▶ [Entries provided]:
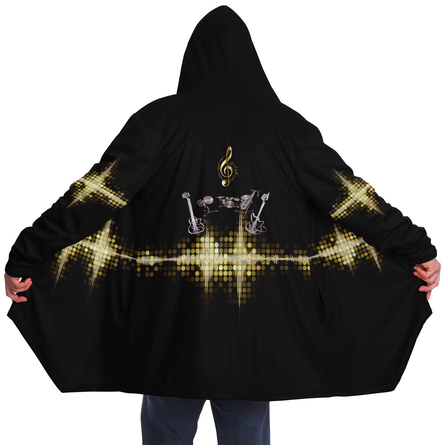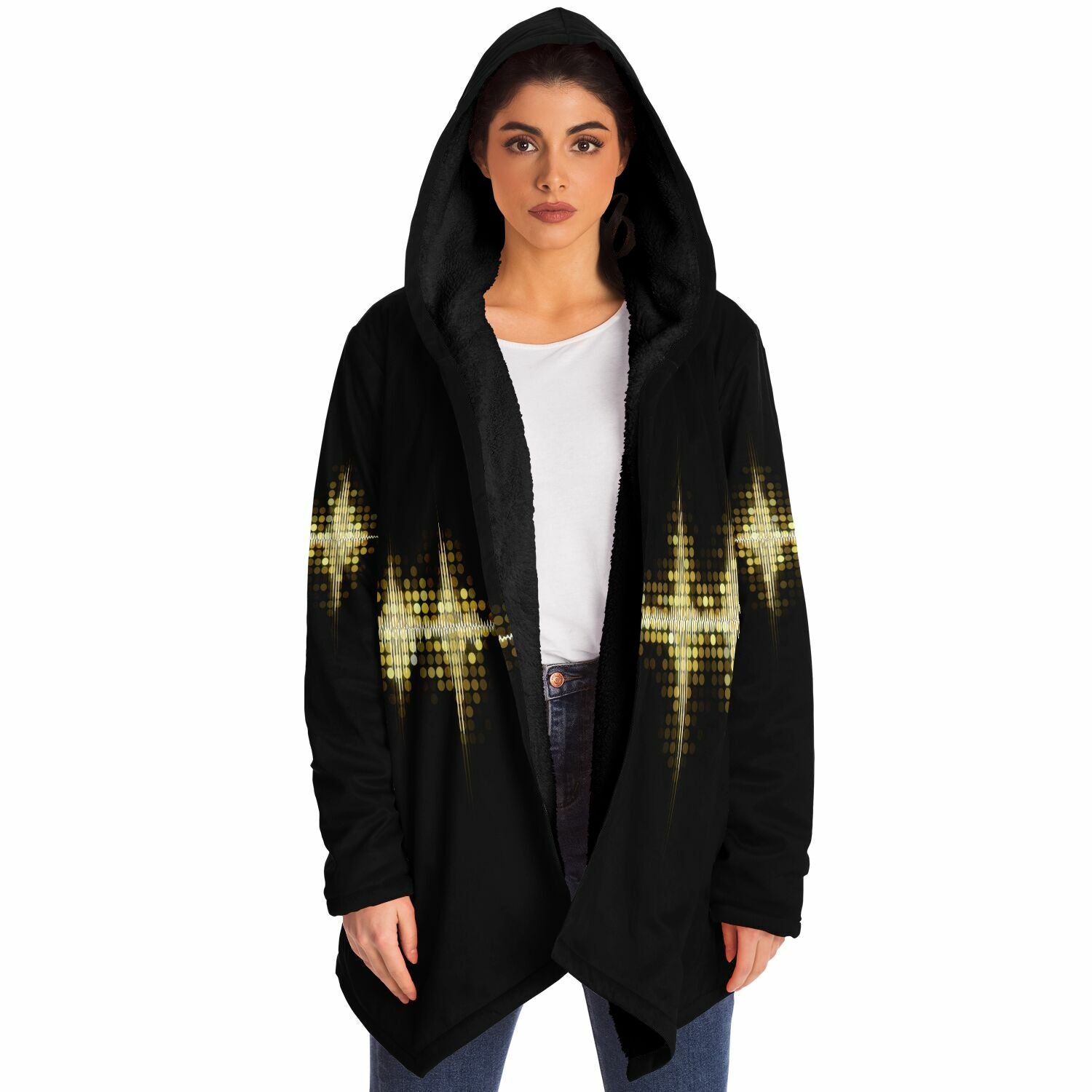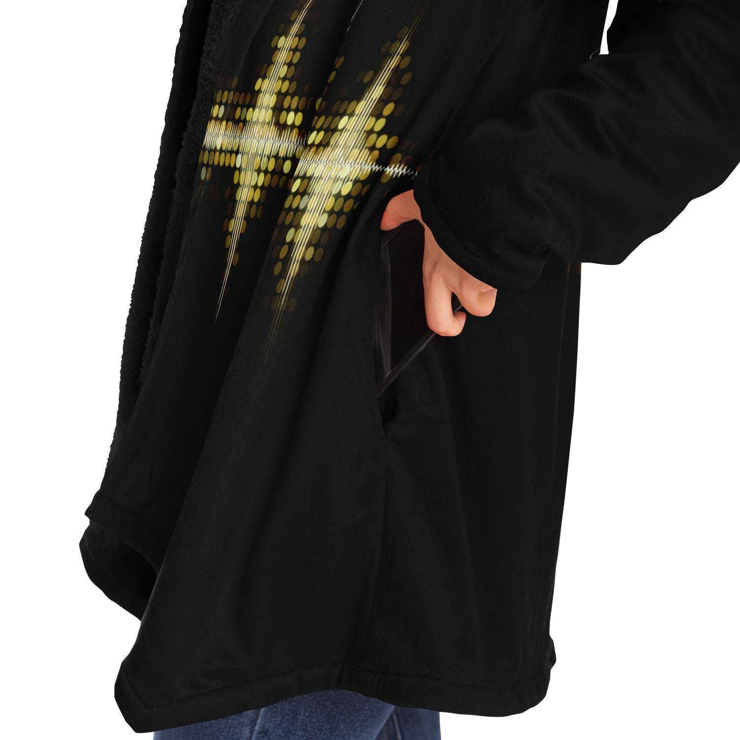 This luxurious cloak is made from an ultra-soft premium microfiber fleece lining. The outside is made with a micro-mink polyester fabric that allows the print to be high definition with vibrant colors. Featuring two deep side pockets to keep your belongings safe and your hands warm.
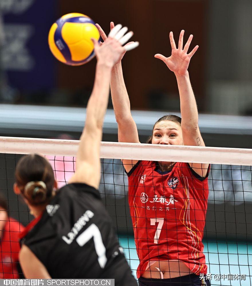 北京北汽隊安娜和姜汝鈺(右)攔網
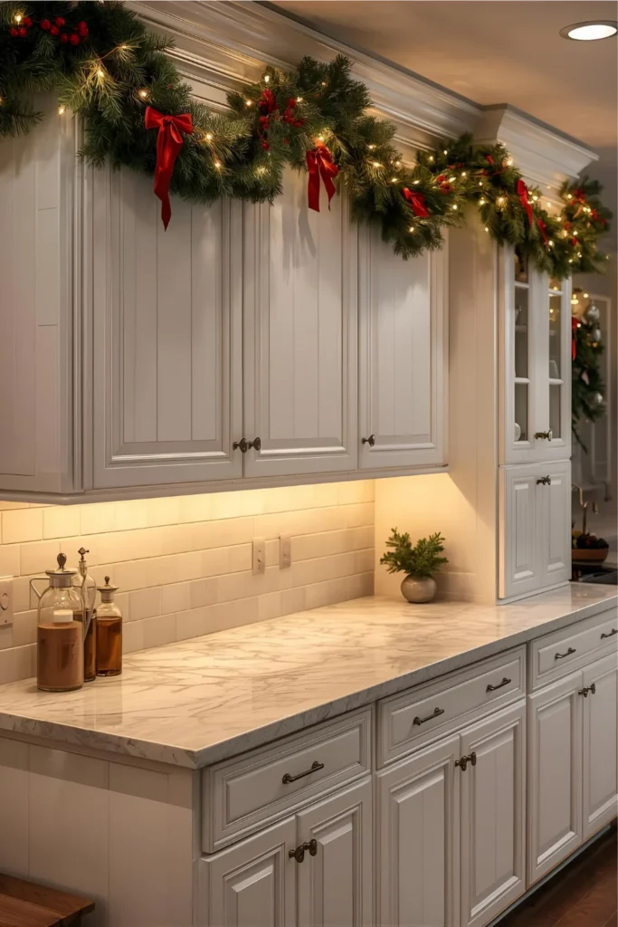 1. Add a Festive Garland Above the Cabinets
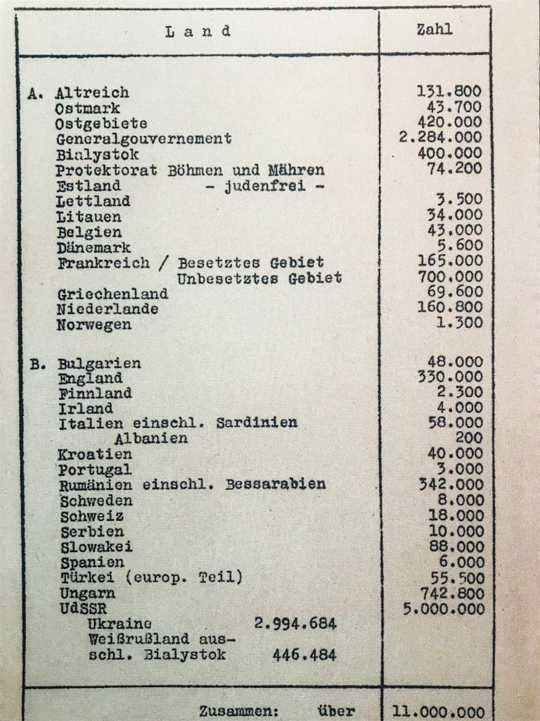 minute de la conférence de Wannsee, indiquant le nombre de Juifs à exterminer dans chaque pays européen, où fut décrétée la Solution Finale
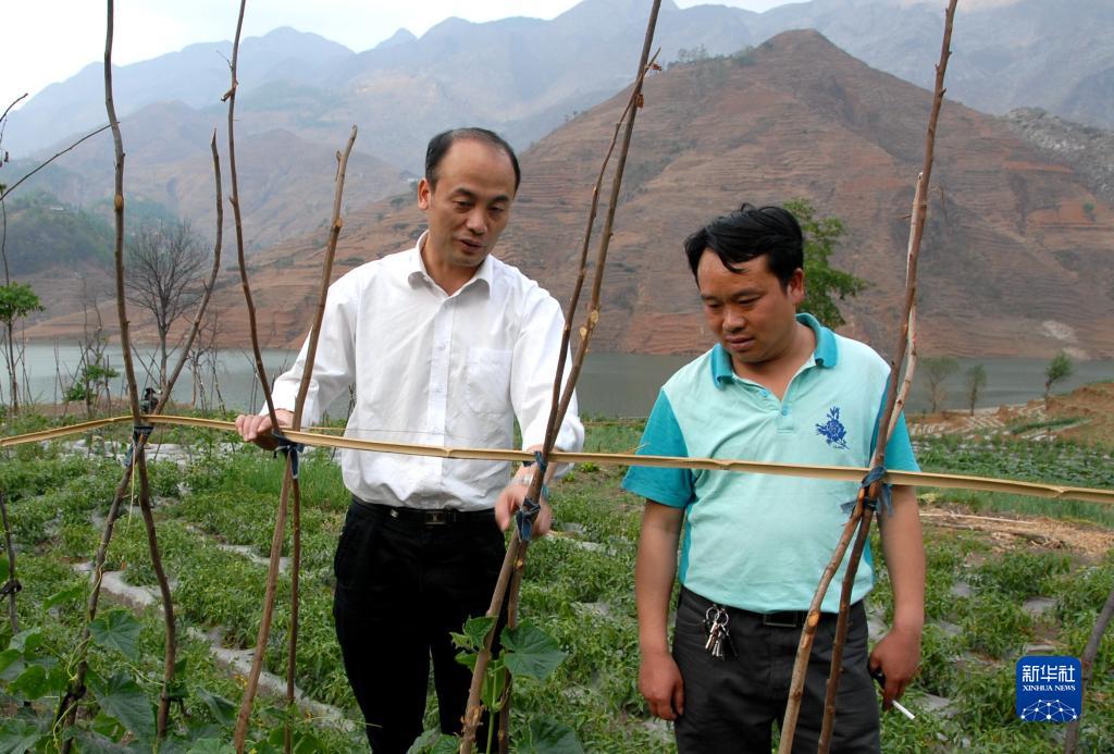 姜仕坤(左)在貴州晴隆縣長(zhǎng)流鄉(xiāng)與村民交流(資料照片)。

▶ [Exercise instructions]: Copy all records exactly; omit images.

▶ [Response to the task]:
 This luxurious cloak is made from an ultra-soft premium microfiber fleece lining. The outside is made with a micro-mink polyester fabric that allows the print to be high definition with vibrant colors. Featuring two deep side pockets to keep your belongings safe and your hands warm.
 北京北汽隊安娜和姜汝鈺(右)攔網
 1. Add a Festive Garland Above the Cabinets
 minute de la conférence de Wannsee, indiquant le nombre de Juifs à exterminer dans chaque pays européen, où fut décrétée la Solution Finale
 姜仕坤(左)在貴州晴隆縣長(zhǎng)流鄉(xiāng)與村民交流(資料照片)。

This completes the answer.